O impacto da violência também é visível. Dados recentes apontam que, em 2024, um morador de Bonsucesso tinha seis vezes mais chances de ser assaltado do que um residente de Copacabana. Além disso, a Leopoldina lidera os registros de internações por doenças pulmonares, segundo a Secretaria Municipal de Saúde.
O crescimento da favelização, a falta de iluminação e a precarização dos serviços públicos contribuem para uma sensação constante de insegurança e abandono. Esse ambiente afasta antigos moradores e impede a chegada de novos, aprofundando o ciclo de esvaziamento.
O comércio local também sofreu. Estabelecimentos tradicionais, como o restaurante Varandão de Ramos, viram sua clientela minguar. O proprietário precisou reduzir os horários de funcionamento por falta de movimento. A antiga sede administrativa da região, na Rua Uranos, foi desativada pela prefeitura, e hoje é alvo de invasões.
Corretoras locais relatam dificuldades para vender ou alugar imóveis comerciais e industriais.
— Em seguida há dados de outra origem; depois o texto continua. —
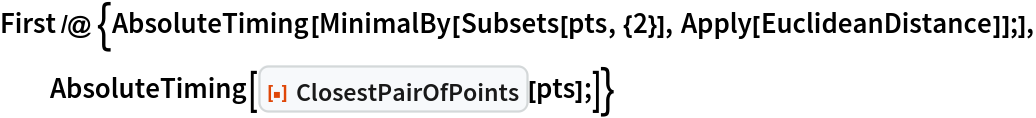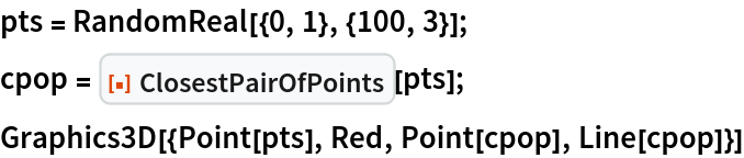 ResourceFunction["ClosestPairOfPoints"][{p1,p2,p3,…}] finds the pair of points from pi that are closest to each other. | |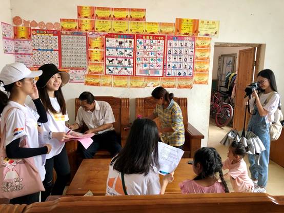 同心筑梦服务队同时深入翁源县各中小学、青少年宫和县城街头小巷,派发问卷3000余份。在青少年宫,负责人向队员详细介绍了翁源县青少年宫的师资情况、生源情况,以及青少年宫美育工作开展的现状,并特别介绍了家庭经济困难学生参加艺术类课程的情况。在各中小学,服务队进入每个班级派发问卷,并和学校师生座谈。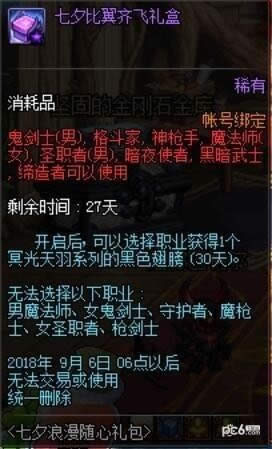 七夕浪漫随心礼包礼盒可以开出冥光天羽翅膀。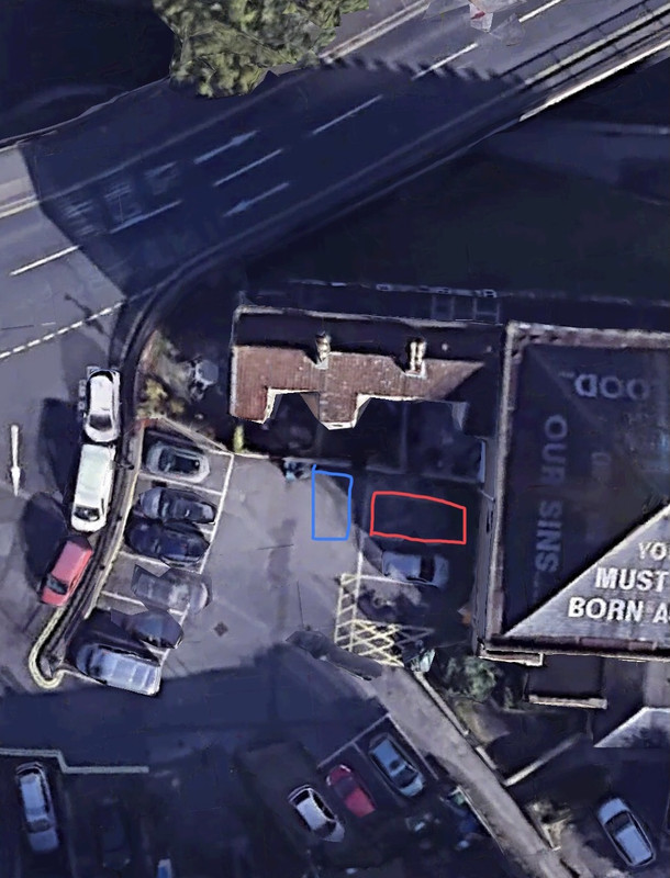 For clarity, this is the car park, the position of my mate’s Polo is marked red, the other car blue, and fortunately the space next to him was empty, otherwise we’d have been forced to hang around for God-knows how long for the jackass driver to turn up.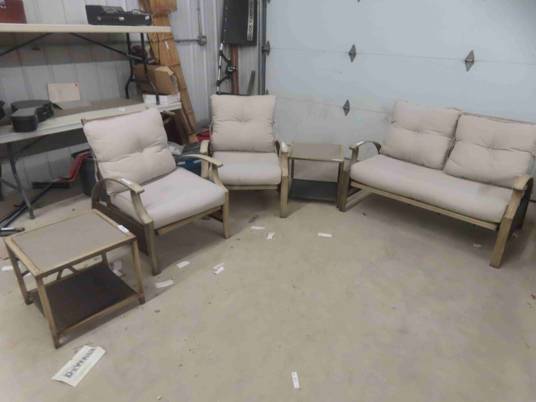 5pce Patio Set : Seatee 51'' W , 2 Stands 18'' x 20'' x 20'' , 2 Chairs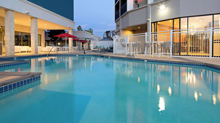 Das Holiday Inn Long Beach - Airport in Long Beach, Kalifornien, ist der perfekte Ort für Reisende, die eine komfortable und praktische Unterkunft suchen. Mit einer günstigen Lage direkt an der Autobahn 405 und weniger als eine Meile vom Flughafen Long Beach entfernt, bietet das Hotel kostenlosen Flughafentransferservice. Die Gäste können sich auf kostenloses WLAN und ein Restaurant freuen, das sowohl zum Frühstück als auch zum Abendessen geöffnet ist. Der Außenpool und das Fitnesscenter bieten zusätzliche Möglichkeiten zur Entspannung und körperlichen Betätigung.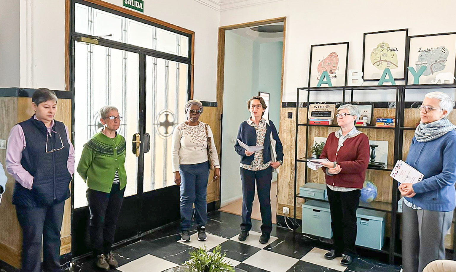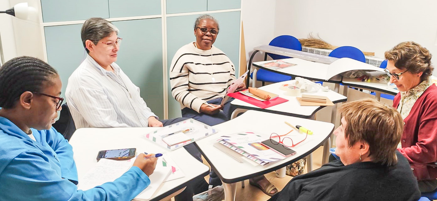 Por la tarde comenzamos con el taller de Liderazgo con compasión dirigido por las hermanas Isabel Vázquez y Mercè Montells, Consejera de la zona de África. Nos invitaron a explorar nuestra experiencia personal en este liderazgo. El segundo día por la mañana seguimos con el taller de liderazgo y en la tarde las hermanas Esmilce Santacruz, secretaria general, e Isabel Vázquez, nos presentan el itinerario del proceso de discernimiento de presencias y obras. Se trata de un camino donde cada una debe abrirse a la novedad del Espíritu, sin caer en el inmovilismo, ni en la improvisación. Al día siguiente, iniciamos la jornada con la oración y el compartir-cosecha del trabajo de grupo sobre el proceso de discernimiento. En la mañana, nos hacen la presentación de las fichas para tal proceso y lo trabajamos a nivel personal y de grupo. En la tarde, tras un tiempo de reflexión personal, compartimos en plenario con el método de Conversación en el Espíritu.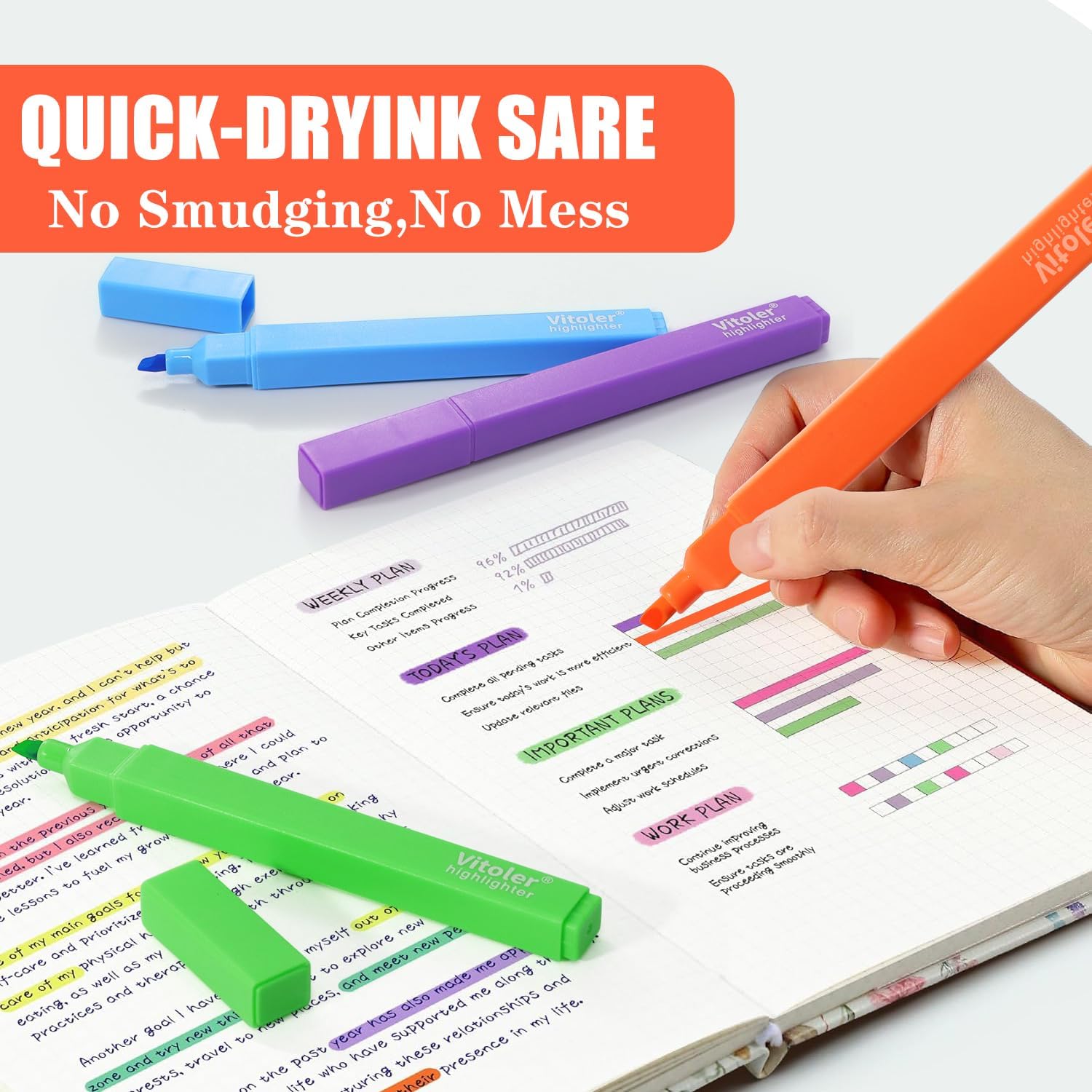 - Smooth Writing:Our highlighters use water-based ink,smooth and consistent writing .The ink flows evenly without clumping or smudging, and its color distribution is uniform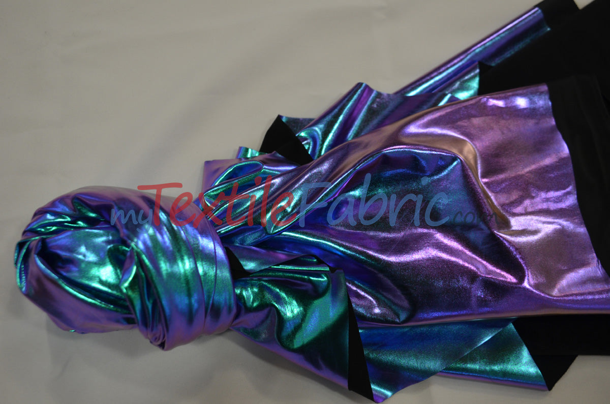 - Foil Hologram Spandex is a stretch iridescent lame spandex.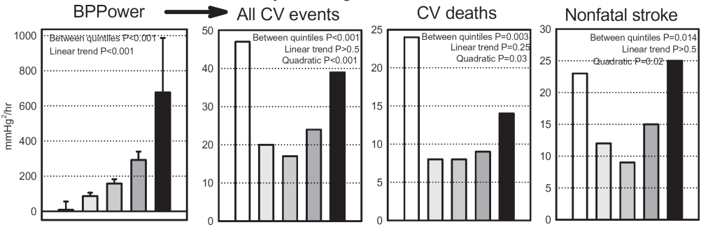【結果】 血圧サージパワーは、男性では脳心血管疾患発症割合と明確な関連を示さなかったが、女性において全脳心血管疾患イベント、脳心血管死亡および非致死的脳卒中発症リスクとU字型の関連を示し、年齢、夜間の平均血圧、および喫煙状況で調整後もU字型の関連は有意であった。降圧薬内服していない女性に限定しても同様の傾向であった。 【結論】 血圧サージパワーと脳心血管病の予後との関連の機序として、モーニングサージと血管壁のずり応力(shear stress)との関連や、筆者らが過去に報告した血圧サージパワーと交感神経系の亢進との関連の関与が想定されるが、血圧サージパワーの予後予測能が、男性ではなく女性のみ明瞭である理由は不明であり今後の研究が待たれる。結論として、女性では血圧サージパワーが独立した脳心血管疾患発症の予測因子になる可能性が示唆された。
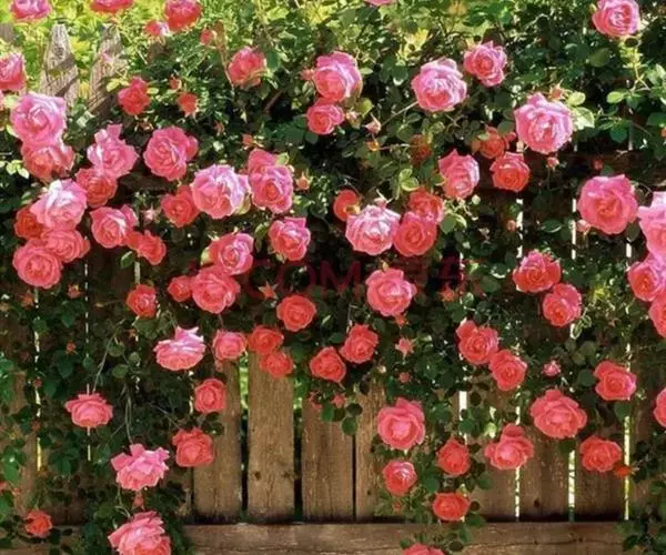 蔷薇(学名:Rosa sp.):是蔷薇属部分植物的通称,主要指蔓藤蔷薇的变种及园艺品种。大多是一类藤状爬篱笆的小花,是原产于中国的落叶灌木,变异性强。茎刺较大且一般有钩,每节大致有3、4个;叶互生,奇数羽状复叶,小叶为5-9片,叶缘有齿,叶片平展但有柔毛。花常是6-7朵族生,为圆锥状伞房花序,生于枝条顶部,花径约3厘米,每年只开一次。蔷薇花花盘环绕萼筒口部,有白色、黄色等多种颜色。花谢后萼片萼片会脱落;果实为圆球体。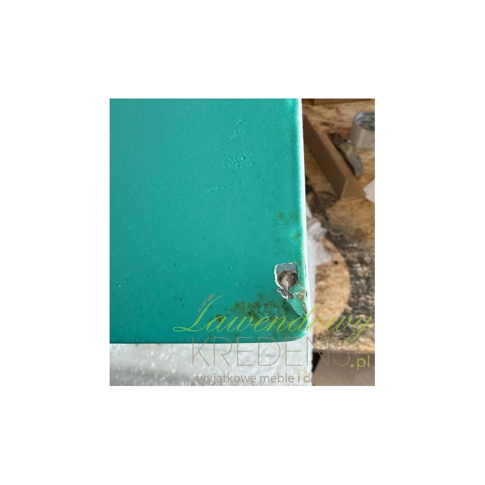 SKRZYNKA PRZECENIONA W ZWIĄZKU Z WADĄ NA ROGU DASZKU WIDOCZNĄ NA DRUGIM I TRZECIM ZDJĘCIU.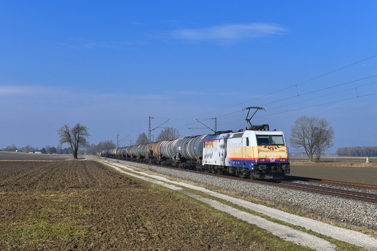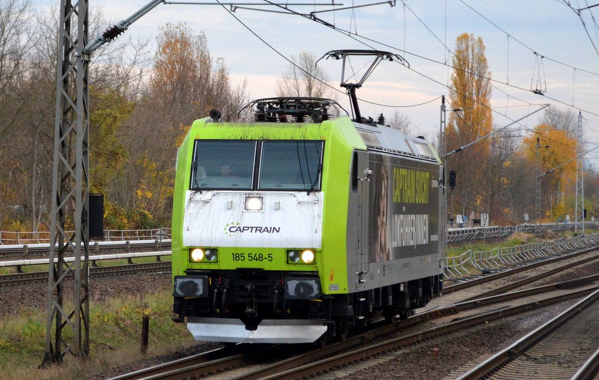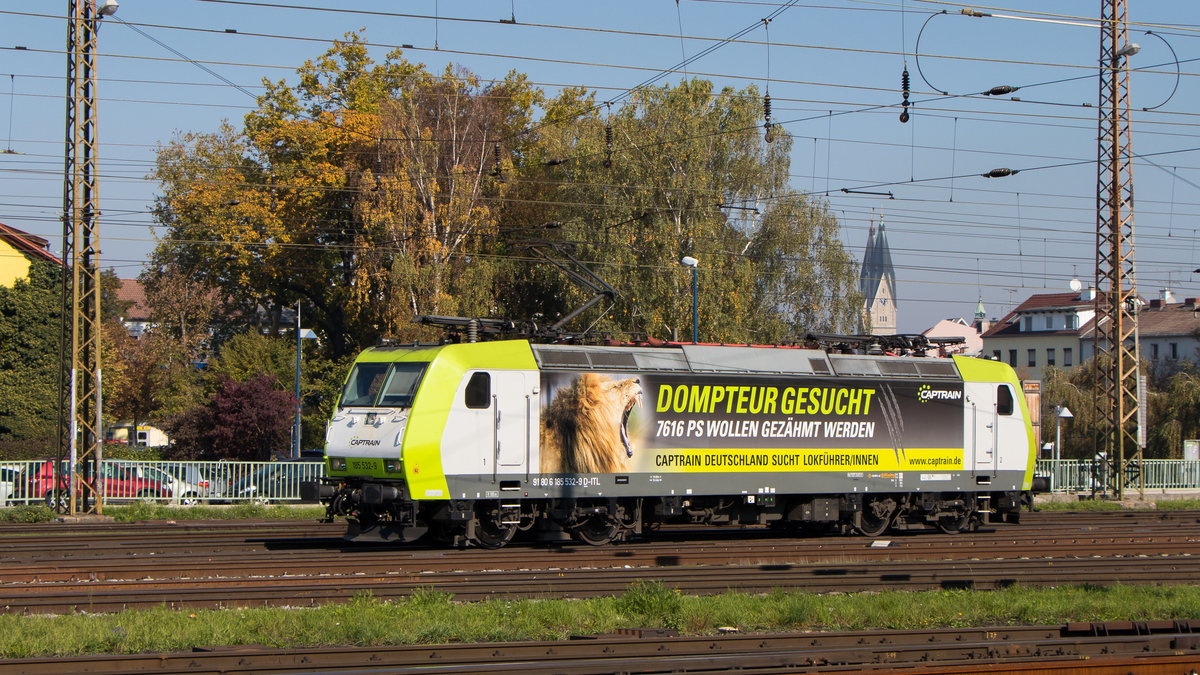 Die Werbelok von Captrain ist ja eigentlich ansprechend. Hoffen wir, dass das funktioniert. 185 532-9 am 10. Oktober 2018 im Hbf Wels. Benjamin Ludwig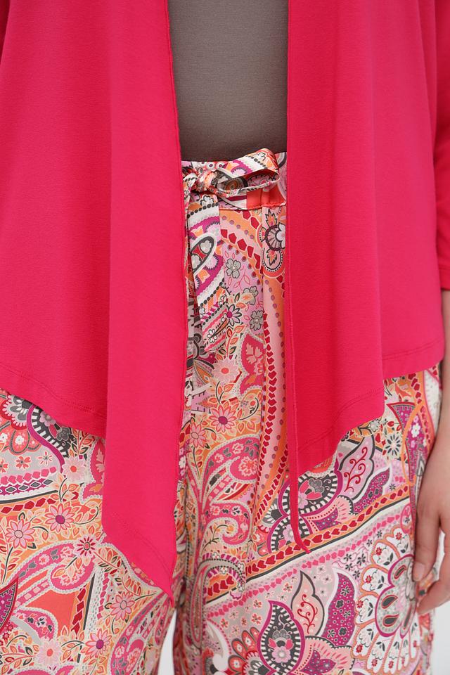 Жакет Via Appia фуксиевого цвета – это стильное и комфортное решение для создания женственного образа. Модель выполнена из мягкой вискозы с добавлением эластана, что обеспечивает приятные тактильные ощущения и хорошую посадку по фигуре. Открытый крой жакета позволяет комбинировать его с различными нарядами. Состав: вискоза 90%, эластан 10%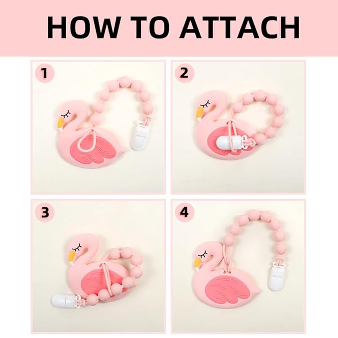 Baby Food Grade Silicone Teether Toy with Pacifier Clip Holder,Teething Toys Gift Set for 3 Months+ Boys and Girls,Freezer Safe,BPA Free. (Pink Flamingo)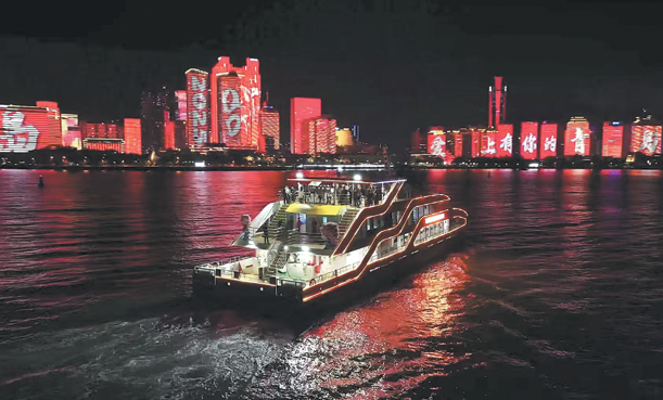 Delegates of the 66th APEC Tourism Working Group Meeting take a boat tour to enjoy Qingdao's night scenery on Oct 14. CHINA DAILY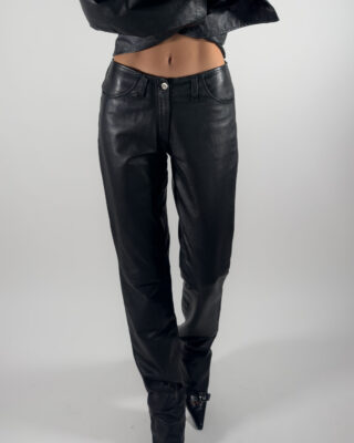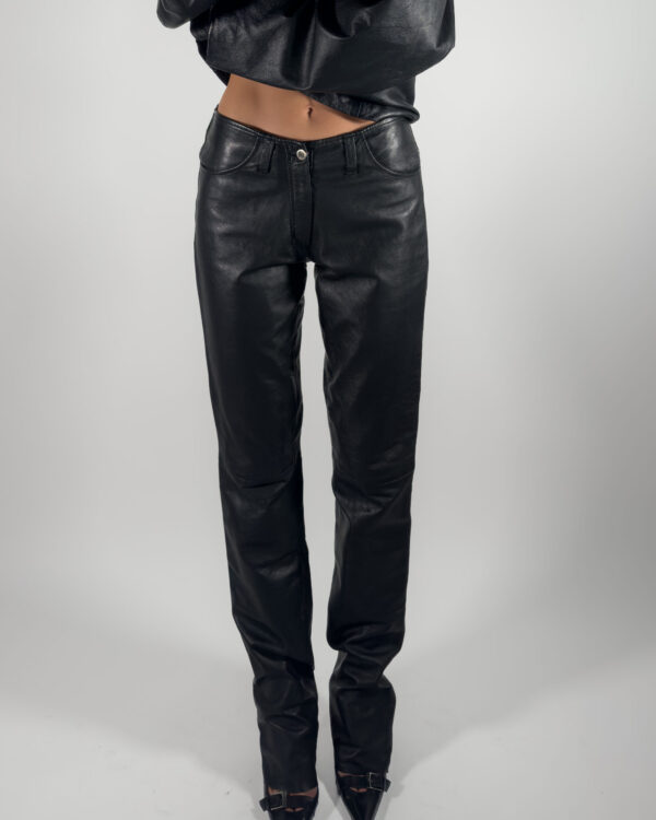 Sleek black leather trousers by RocoBaroco, designed with a low-rise fit and straight-leg cut. Fully lined with viscose, made from 100% leather.

Galpões de mais de mil metros quadrados ficam anos sem propostas concretas. Os preços despencam, e o desinteresse cresce.
O que isso revela sobre o país?
A Zona da Leopoldina é um retrato ampliado de algo que ocorre em muitas áreas urbanas do Brasil: o descuido com o espaço público, a concentração de recursos em áreas já valorizadas e a falta de continuidade nas políticas de urbanismo. A região aparece em planos diretores como prioritária, mas raramente há ações concretas para mudar o cenário.
A discussão sobre o futuro das cidades brasileiras passa necessariamente por casos como o da Leopoldina. O desafio é encontrar equilíbrio entre desenvolvimento e preservação do que já existe. Nem todo progresso está em construir do zero. Revitalizar o que já foi próspero também é construir.
Em outros países, o esvaziamento urbano de regiões antes centrais costuma ser combatido com políticas públicas de reocupação e incentivo à habitação, cultura e economia local. Na Grécia, por exemplo, bairros históricos de Atenas foram revitalizados com apoio estatal e fomento ao turismo sustentável.
Para o Brasil, em especial em cidades como o Rio de Janeiro, com extensas áreas urbanas em condições semelhantes, a experiência internacional pode servir de inspiração. Mas é preciso vontade política, envolvimento comunitário e uma visão de cidade que não exclua.